Ciarán had to wonder, was this simply a product of Remi’s madness, or something far graver? Yet he could not restrain his curiosity. “I want to know.”
“Good.” Remi’s eyes brightened. “First, put your mind in the frame of the man who first discovered the prophecy: Arcanus of Atlantis. The Atlanteans were like the ancient Greeks, so you must interpret the story the way a Greek would: in three acts—a beginning, a middle, and an end—with each act composed of four signs. If you begin with Virgo, the first four signs are Virgo, Libra, Scorpio, and Sagittarius.” He gestured to the four symbols that formed the top left third of the circle.
“Virgo, the first sign,” he said, pointing to the bottom of the four symbols, “is depicted as a woman holding a sheaf of wheat—a universal symbol of a seed. The Egyptians saw her as the goddess Isis. To the Celts, she is the Earth Mother. Others see her as Eve. Yet it is her seed that matters, her offspring. Perhaps the seed represents mankind. But Maugis saw something more specific: a bloodline traced through history from Arcanus to Constantine, to the heirs of Charlemagne—the bloodline of a champion of men who must fulfill the prophecy or all will be lost.
“Next is Libra, the scales. They speak to something being weighed and measured—a test. Third comes Scorpio. In Hebrew, its name is
Akrab,
which means war or conflict. Yet in Coptic, the name is
Isidis,
meaning attack of the enemy. And last is Sagittarius. He is the archer who aims his weapon at the heart of Scorpio.”
As Remi spoke, Ciarán recognized the meaning of another picture scrawled on the shrine’s wall: a muscular centaur pulling a bowstring and targeting a monstrous scorpion, its deadly curved sting poised to strike.
“Together, these tell the first act of the prophecy,” Remi continued. “A champion of men will be measured in a battle against the enemy. Only by wielding the weapon, Sagittarius, can the champion survive and defeat the enemy in this battle. Maugis called this the prime conflict.”
Remi pointed to the next four symbols, which completed the next third of the circle.
“Of the next act, we know much less. It begins with Capricorn, the goat, a universal symbol of sacrifice. Next is Aquarius, the flowing waters. It is believed this represents a journey. The waters flow into the constellations that surround Pisces, the next sign. Pisces is depicted as two fish bound by a chain. The chain also binds two other constellations: Andromeda, a woman, and Cetus, the Leviathan, a great monster of the sea.”
Flanking the symbols in this half of the circle were sketches of a woman, shamelessly naked yet beautiful, and a creature that looked like a whale, but with the scales of a fish and the jaws of a shark.

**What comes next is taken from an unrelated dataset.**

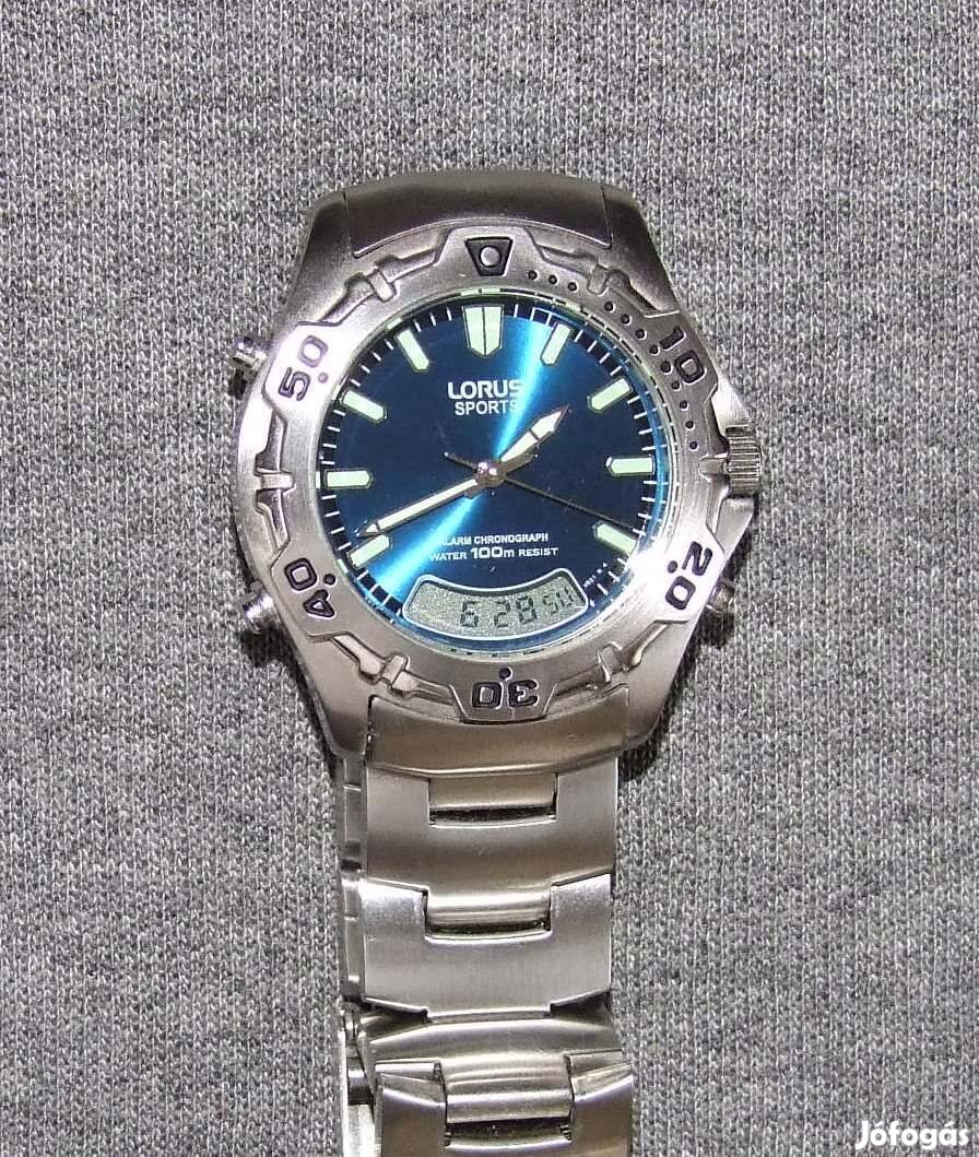 Eladó Lorus V71-X014 analóg-digitális karóra, szép, megkímélt, újszerű állapotban. Gyönyörű azúrkék számlap, zöld foszforeszkáló mutatók, osztások.

A chain linked the woman’s wrists to the sea monster’s tail.
“This is where the meaning of the second act becomes a mystery,” Remi continued. “Maugis says nothing of it. Last of the four is Aries, the ram—again, a symbol of sacrifice. So the second act represents a journey of some type that begins and ends with sacrifice.”
Ciarán nodded, his eyes still riveted on the image of Andromeda and the Leviathan.
“The meaning of the final act is clearer.” Remi tapped a finger beside the last four symbols.